One thing that is hard about where I teach is we have a very transient population of students. It is not uncommon to have students up and move at the end of the month when rent is due, and have new students trickling in. Some years, my classroom has been a bit like a revolving door.
This year though, my kiddos have been pretty consistent. Don’t read that as, “we come every day” because I have several students with over 20 absences and even more tardies, but at least they are still in my class.
I had a student just unexpectedly move.
I should be used to this.
I should know that this happens more often than I’d like.
But it still breaks my heart a little.
You see, this kiddo was the bane of my existence for the past 7 months…when he actually showed up to school anyways…
He spent the first three months of school arriving an hour late, then refusing to come into the classroom, then ripping up any work I tried to get him to do. While I was teaching he would spend his time rolling around in my doorway hollering about going home. Then he would get picked up an hour before the end of the day and we’d start over a couple days later when he came back to school.

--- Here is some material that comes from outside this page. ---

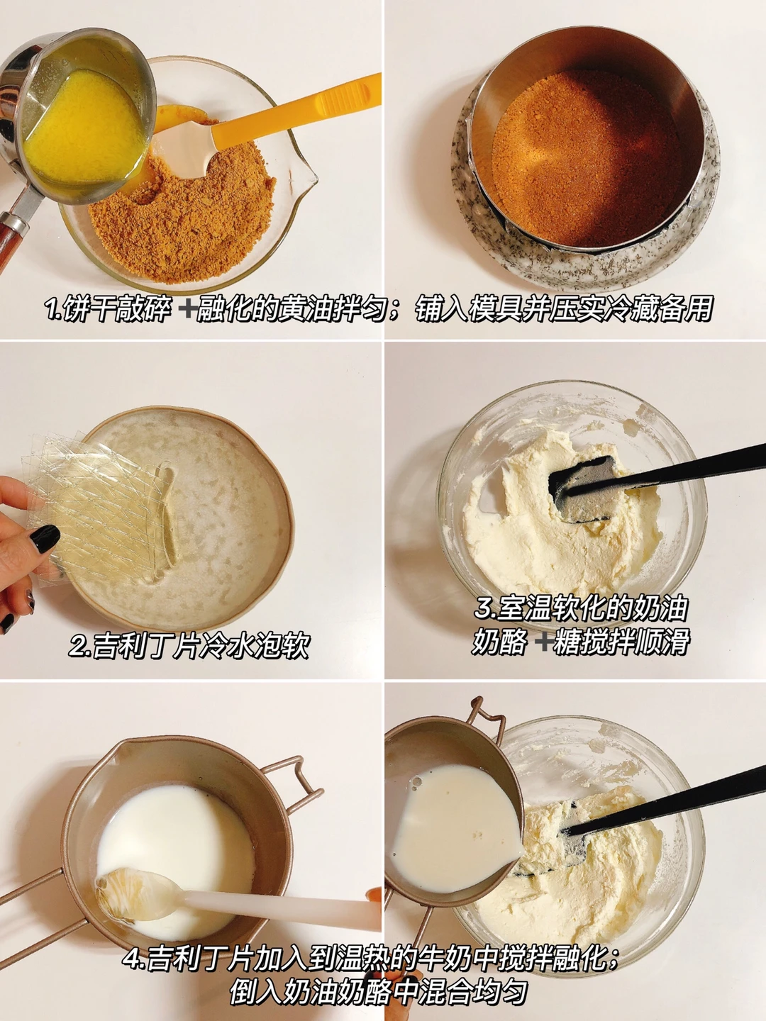 ❶饼干敲碎,加入融化的黄油拌匀

(No. This child was not the biggest behavior issue in my class this year…)
I love this kid.
He tried to be unlovable. He told me he didn’t like me or school. At least once a day. He said “no” to everything I said to him. He shouted, he threw things, he silently cried his way through the day.
But I kept on loving him.
Every morning he scowled as he entered the classroom. And every morning we cheered at his arrival, smiled, and greeted him with excitement.

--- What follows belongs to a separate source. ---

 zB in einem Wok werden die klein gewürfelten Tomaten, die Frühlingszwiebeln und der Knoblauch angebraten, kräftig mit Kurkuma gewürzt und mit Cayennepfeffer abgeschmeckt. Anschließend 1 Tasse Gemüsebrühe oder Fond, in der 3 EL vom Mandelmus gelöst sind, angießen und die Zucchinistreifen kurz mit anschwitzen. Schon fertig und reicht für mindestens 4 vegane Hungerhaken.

By mid-winter, he still came to school super crabby, saying he hated this school; but by afternoon he was begging to stay at school. He started calling me, “Mom”.

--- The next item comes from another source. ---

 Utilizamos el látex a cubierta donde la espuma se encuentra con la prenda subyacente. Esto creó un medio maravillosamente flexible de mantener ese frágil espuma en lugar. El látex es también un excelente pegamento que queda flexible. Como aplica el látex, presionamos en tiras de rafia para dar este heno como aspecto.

He made me a birthday card and said in it that he thinks I’m funny. Which was awesome, since he had barely ever smiled in my direction. I knew deep down inside he liked me
He was starting to learn to ask for help when he needed it, instead of balling up his paper and having a tantrum.
He was starting to participate in games instead of quietly glaring at me and saying no when a classmate tried to throw a ball to him.
He went to a classmate’s birthday party and was making friends.
We saw more smiles and less scowls.
He didn’t talk about hating himself anymore.
Then yesterday I got a note from the office to turn in his cumulative folder because he would no longer be attending our school.
No warning. No goodbyes.
My heart breaks a little. I hope that he doesn’t start back at square one at his new school. It is May. He doesn’t have 7 months to adjust again. And I hope he remembers his teachers who care about him regardless of his behavior or his response. We just care. I hope we made a difference in his life.
Goodbye, kiddo! Our days are easier, but we’d rather have you in them.